Competing interests: The authors have declared that no competing interests exist.
Introduction
Despite recent advance in the understanding of ovarian cancer development and progression, ovarian cancer remains has the highest associated mortality rate of gynecologic malignancy in mostly western countries due to the advanced stage of disease at diagnosis (stages III–IV). The vast majority of women are diagnosed with disseminated intraperitoneal carcinomatosis [1], [2]. Recent literature suggests that the epithelial to mesenchymal transition (EMT) plays a critical role in the progression of ovarian carcinomas [3], [4]. EMT is defined by a complex molecular and cellular program by which epithelial cells lose their differentiated characteristics such as cell-cell adhesion, apical-basal polarity, lack of cell motility and gain of mesenchymal features including motility, invasiveness and increased resistance to apoptosis [5]. The similar cellular remodeling and signaling networks appear to be active during cancer metastasis [6], [7]. It has been suggested that primary EOC may undergo an EMT process during local invasion in the peritoneum and retain mesenchymal features in advanced tumors.

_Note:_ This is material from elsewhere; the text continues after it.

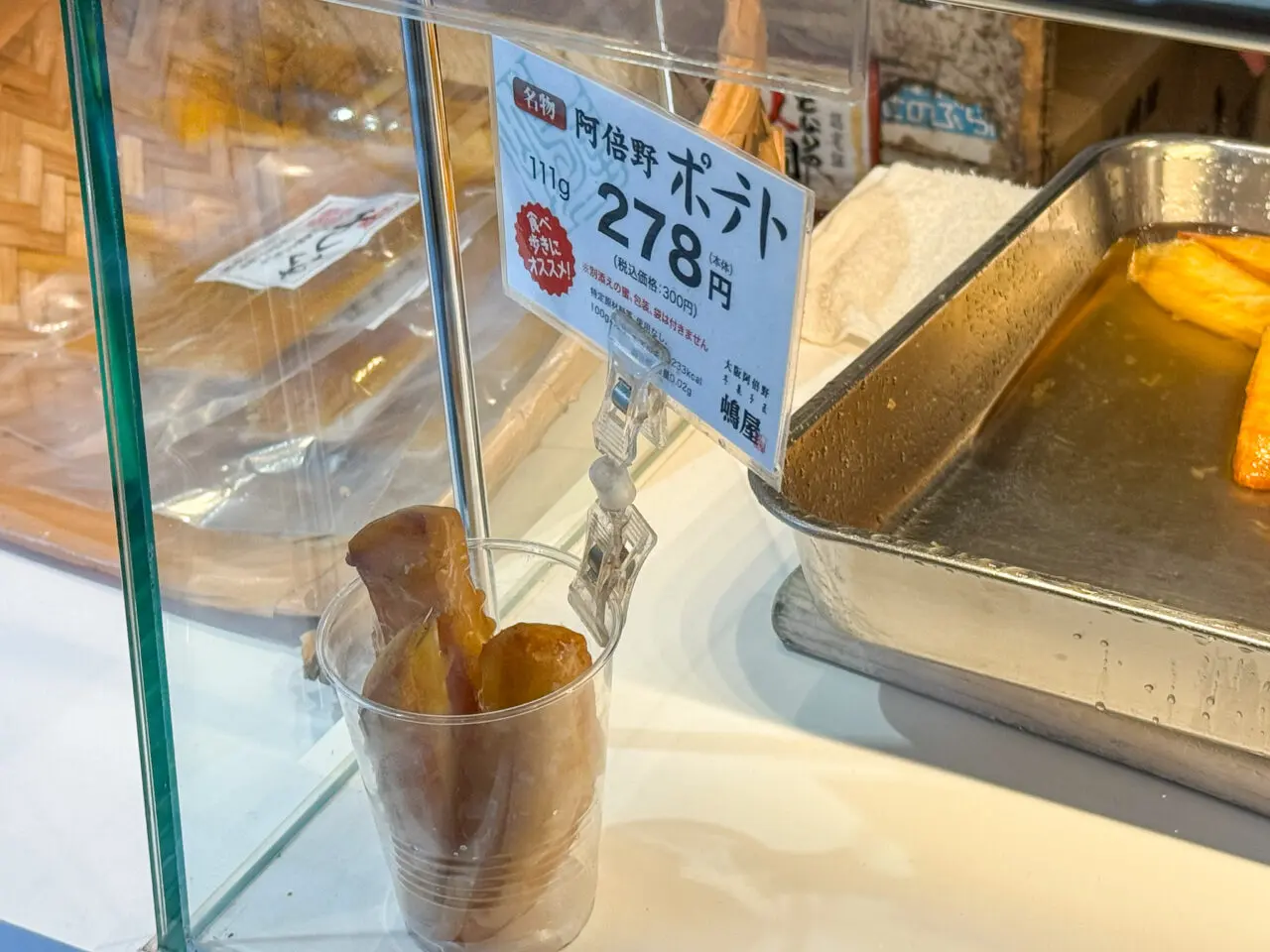 嶋屋さんの名物はこちらの「阿倍野ポテト」。厳選された国産さつまいもを、最高級の綿実油で温度を変えながら、約20分かけてじっくり揚げているというこだわりが詰まったポテトです。

Transcription factors of the Twist family (Twist1, Twist2), snail family (SNAI1/snail, SNAI2/slug), as well as ZEB family (ZEB1, ZEB2), control the EMT process in cancer [5], [8], [9]. Twist2 has been shown to promote tumor progression through EMT in breast cancer [10]. Twist2 is a potential prognostic marker for cervical cancer [11], adenoid cystic carcinoma [12], and tongue squamous cell carcinoma [13]. Twist2 is also correlated with poor differentiation grade and short survival in head and neck squamous cell carcinomas [14]. However, whether Twist2 promotes human ovarian cancer progression remains poorly understood. Here, we investigate the role of Twist2 in ovarian cancer progression and the potential molecular mechanisms underlying the Twist2-induced cancer invasion and metastasis. We showed Twist2 is highly expressed in ovarian cancer tissues. Ectopic expression of Twist2 in ovarian cancer cells confers an EMT phenotype. Furthermore, β-catenin activation may participate in these Twist2 induced EMT properties.
Results
1. Increased Twist2 expression was correlated with FIGO stage in primary ovarian cancer
IHC analyses indicated the presence of high levels of Twist2 in cancer cells of primary ovarian tumors on tissue array (Figure 1). Twist2 expression was significantly increased in ovarian cancer (70.24%, 59 in 84 cases) relative to normal ovarian tissue (P<0.05, Figure 1, Table 1). The positive staining of Twist2 was detected both in nucleus and cytoplasm.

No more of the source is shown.